= Vladimir Lefebvre =

Russian mathematical psychologist (1936–2020)

Vladimir Alexandrovich Lefebvre (Влади́мир Алекса́ндрович Лефе́вр, 22 September 1936 in Leningrad, USSR – 9 April 2020) was a mathematical psychologist at the University of California, Irvine. With his wife, V. I. Dubovskaya, Lefebvre left USSR for USA in 1974. He created equations to predict the large-scale consequences of individual actions. Among the parameters in the equations are the self image of the individual and the action as perceived via this self-image. The result is a number expressing the probability that the individual in question will perform a specific action.
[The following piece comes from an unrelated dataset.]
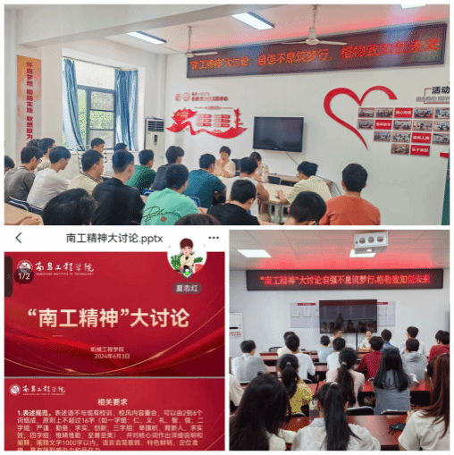 为深入挖掘和传承“南工精神”,近日,机械工程学院通过“三会一课”、教职工政治理论学习、主题党日、主题团日、主题班会等多种形式,在教职工、学生党员、团员及校友中广泛开展“南工精神”大讨论。
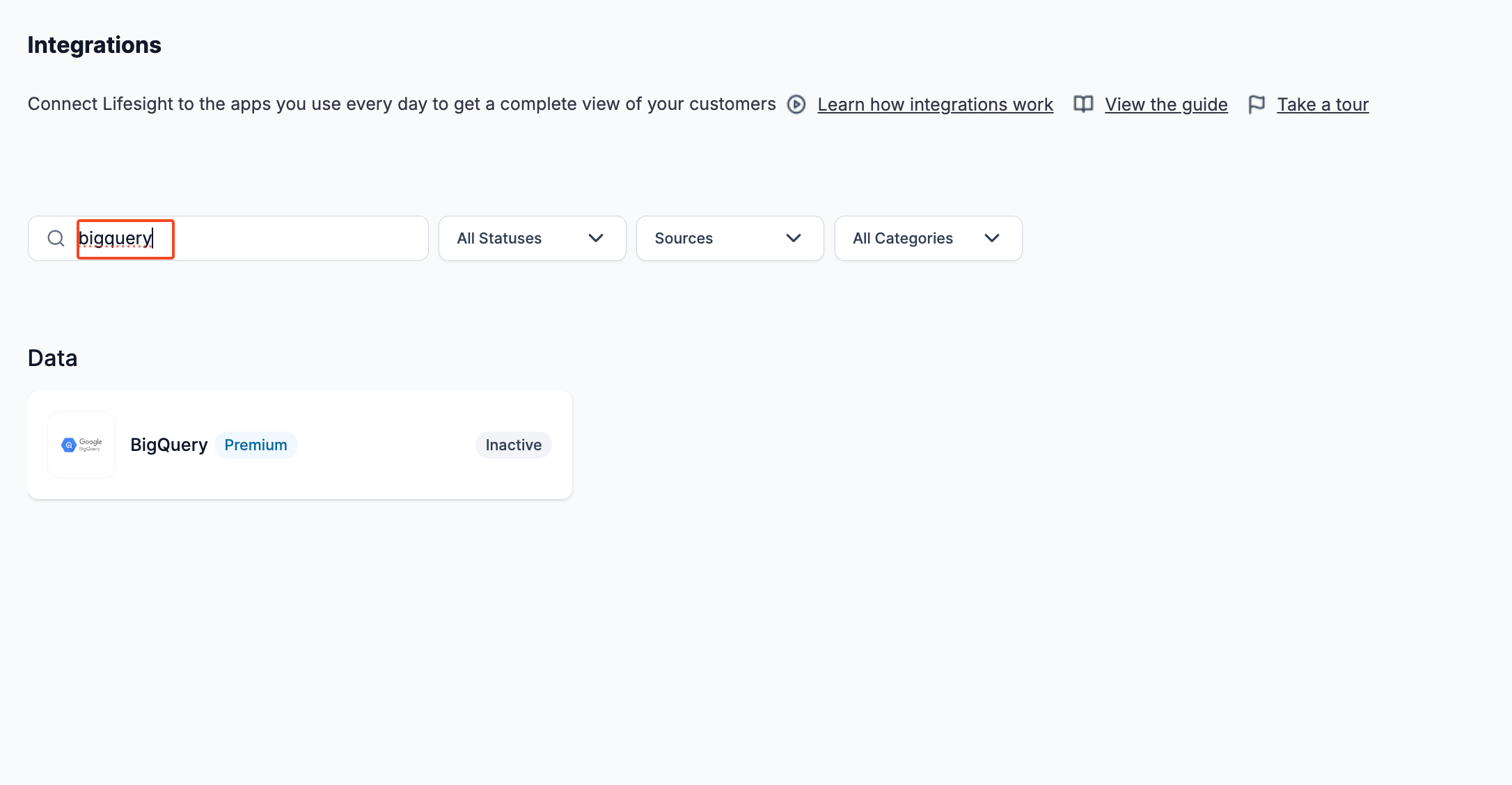 In the search field, type in "BigQuery" to locate the integration for this application.

Lefebvre's mathematical approach to social psychology is often referred to as reflexive theory - presumably due to the 'reflexive' nature of taking into account subjects' self-image(s). Lefebvre developed Reflexive Theory as a military researcher in the former Soviet Union, where he was born and educated prior to coming to the United States. According to Jonathan Farley, a mathematician at Stanford doing applied work on national security issues, Lefebvre's Reflexive Theory was a Soviet alternative to game theory which had been widely adopted by the American defense establishment.

Lefebvre created a mathematical theory of ethical cognition. This theory uses a three level structure: the person, the person’ perception and the person’s perception of their communication partner. This theory was used in negotiations by the governments of the US and the Soviet Union during the break-up of the Soviet Union.